En limitant la non-application de la cotisation distincte en cause aux cas dans lesquels le bénéficiaire de l'avantage de toute nature a simplement été identifié de manière univoque dans les 2 ans et 6 mois, et en ne prévoyant pas la non-application pour les cas dans lesquels le bénéficiaire de l'avantage de toute nature non déclaré est identifié au-delà du délai de 2 ans et 6 mois, mais a néanmoins été soumis au régime d'imposition applicable dans un des délais d'imposition légaux, le législateur a dès lors établi un délai qui, à la lumière des objectifs poursuivis, n'est pas raisonnablement justifié.
En ce que la non-application de la cotisation distincte est limitée aux cas dans lesquels le bénéficiaire de l'avantage de toute nature a simplement été identifié de manière univoque dans les 2 ans et 6 mois et ne vaut pas pour les cas dans lesquels le bénéficiaire a été identifié de manière univoque au-delà de ce délai, mais a été effectivement imposé dans les délais d'imposition légaux, l'article 219, alinéa 7, du CIR 1992 n'est pas compatible avec les articles 10, 11 et 172 de la Constitution.
B.7. La question préjudicielle appelle une réponse affirmative.
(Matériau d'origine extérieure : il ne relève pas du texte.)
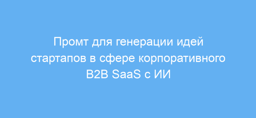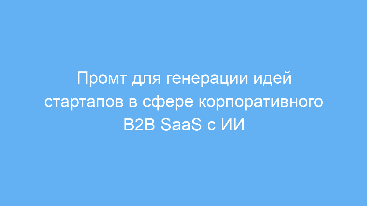 Этот промт предназначен для предпринимателей, стартаперов, специалистов по продукту и консультантов, которые ищут свежие и вдохновляющие идеи для запуска стартапов в области корпоративных B2B SaaS-сервисов. Особенно он полезен тем, кто хочет использовать возможности искусственного интеллекта, избегая при этом тем криптовалют и блокчейна.

Partant, la cotisation distincte sur les commissions secrètes ne peut trouver à s'appliquer lorsque le bénéficiaire de l'avantage de toute nature a été effectivement imposé dans les délais d'imposition légaux.
Par ces motifs, la Cour dit pour droit : L'article 219, alinéa 7, du Code des impôts sur les revenus 1992 viole les articles 10, 11 et 172 de la Constitution en ce que la non-application de la cotisation distincte est limitée aux cas dans lesquels le bénéficiaire de l'avantage de toute nature a été identifié de manière univoque uniquement dans le délai de 2 ans et 6 mois et ne vaut pas pour les cas dans lesquels le bénéficiaire a été identifié de manière univoque en dehors de ce délai, mais a été effectivement imposé dans les délais d'imposition légaux.
Ainsi rendu en langue néerlandaise et en langue française, conformément à l'article 65 de la loi spéciale du 6 janvier 1989 sur la Cour constitutionnelle, le 26 septembre 2019.